“Gorton returned to America and War-​wick, bringing with him the radical unrest of the English Civil War.”

Samuel Gorton (1592–1677), the antinomian Puritan who preached during the English Civil War of the 1640’s among the radical Puritans, soon stirred up New England’s deepest fears that his mystical independence would transport political, social, and religious unrest to the new world. He raised political questions of civil disobedience and resistance by denying the jurisdiction of magistrates over individual conscience. For Puritans committed to an “Independent” or Congregational ecclesiastical policy, Gorton raised the problem of non-​conforming political resistance [56] based on mystical religious faith. Eventually Gorton and his civil disobedient followers would see that their ideas were embodied in Quakerism.

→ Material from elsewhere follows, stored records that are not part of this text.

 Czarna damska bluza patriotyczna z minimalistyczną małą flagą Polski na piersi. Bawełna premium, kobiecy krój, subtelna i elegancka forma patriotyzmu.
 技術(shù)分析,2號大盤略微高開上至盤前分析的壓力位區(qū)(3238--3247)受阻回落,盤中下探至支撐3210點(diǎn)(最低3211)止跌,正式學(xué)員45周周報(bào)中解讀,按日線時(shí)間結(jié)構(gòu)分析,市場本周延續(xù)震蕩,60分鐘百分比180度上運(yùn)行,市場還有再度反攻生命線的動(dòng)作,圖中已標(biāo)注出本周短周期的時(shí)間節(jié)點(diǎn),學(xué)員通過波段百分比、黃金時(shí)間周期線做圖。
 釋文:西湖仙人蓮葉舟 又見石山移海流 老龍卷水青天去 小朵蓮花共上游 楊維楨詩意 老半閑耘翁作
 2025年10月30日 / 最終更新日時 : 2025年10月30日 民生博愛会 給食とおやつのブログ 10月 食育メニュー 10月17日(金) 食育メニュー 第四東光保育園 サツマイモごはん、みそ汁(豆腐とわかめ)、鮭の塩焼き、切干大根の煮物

Philip F. Gura University of Colorado, Boulder

“The Radical Ideology of Samuel Gorton: New Light on the Relation of English and American Puritanism.” The William and Mary Quarterly 36(January 1979):78–100.

Gorton’s first “offense” was his principled defense in 1638 of his maidservant’s smiling at a Sabbath meeting. The established ministry of Plymouth tried Gorton “for religious and civil insubordination.” Exiled from Plymouth, he was in turn whipped and banished from Portsmouth for refusing to honor the local government’s authority in a trespassing complaint. Even in Roger Williams’s Providence, Rhode Island, a haven for dissenters, Gorton stirred up opposition through his civil disobedience in rejecting Massachusetts Bay Colony’s jurisdiction over him. Gorton and his followers were eventually arrested in Warwick and tried in Boston as “heretics and enemies of civil government.” Once released, he sailed to England to preach his dissenting ideas and to protest his treatment by Massachusetts.

The heart of Gorton’s “heresy”—which excited the civil authorities of the Bay Colony, Plymouth, and Rhode Island— resembled the antinomian anti-​authoritarianism of the dissenters in England which later became a key part of Quaker theology. “He argued for an essential divinity in all human beings, a divinity that was defined by the Holy Spirit’s presence and that precluded any arbitrary distinctions (be they religious or political) between saints and sinners.” The believer’s personal connection with God exempted him or her from obedience to all mankind’s perverse laws. Gorton’s theology linked him with some of Oliver Cromwell’s chaplains in the New Model Army. The inner experience of God, not laws, bestowed true freedom. God had not “made man to be a vassal of his own species.” To display personal responsibility to civil or religious authority was idolatry and postponed the millennium. If Christ were a “sufficient King and Ruler in his Church, all other Authority and Government erected therein is superfluous and a branch to be cut off.”

Gorton’s anti-​authoritarian ideology threatened the political-​religious hierarchy of New England with the ideal of individual liberty and the egalitarian priesthood of all believers. His radical democratic beliefs provoked a 1649 pamphlet against him, entitled The Danger of Tolerating Levellers in a Civil State. Gorton himself published counter-​tracts in England between 1644 and 1648 against social hierarchy and moved in the complex radical community that revolved around the preachers in the New Model Army.

Gorton returned to America and War-​wick, bringing with him the radical unrest of the English Civil War. Having absorbed the spirit of toleration in England, Gorton protected American Quakers. He is best understood in the context of “English radical spiritualism.” He affronted New England’s complaisant sense of inner stability and rightness.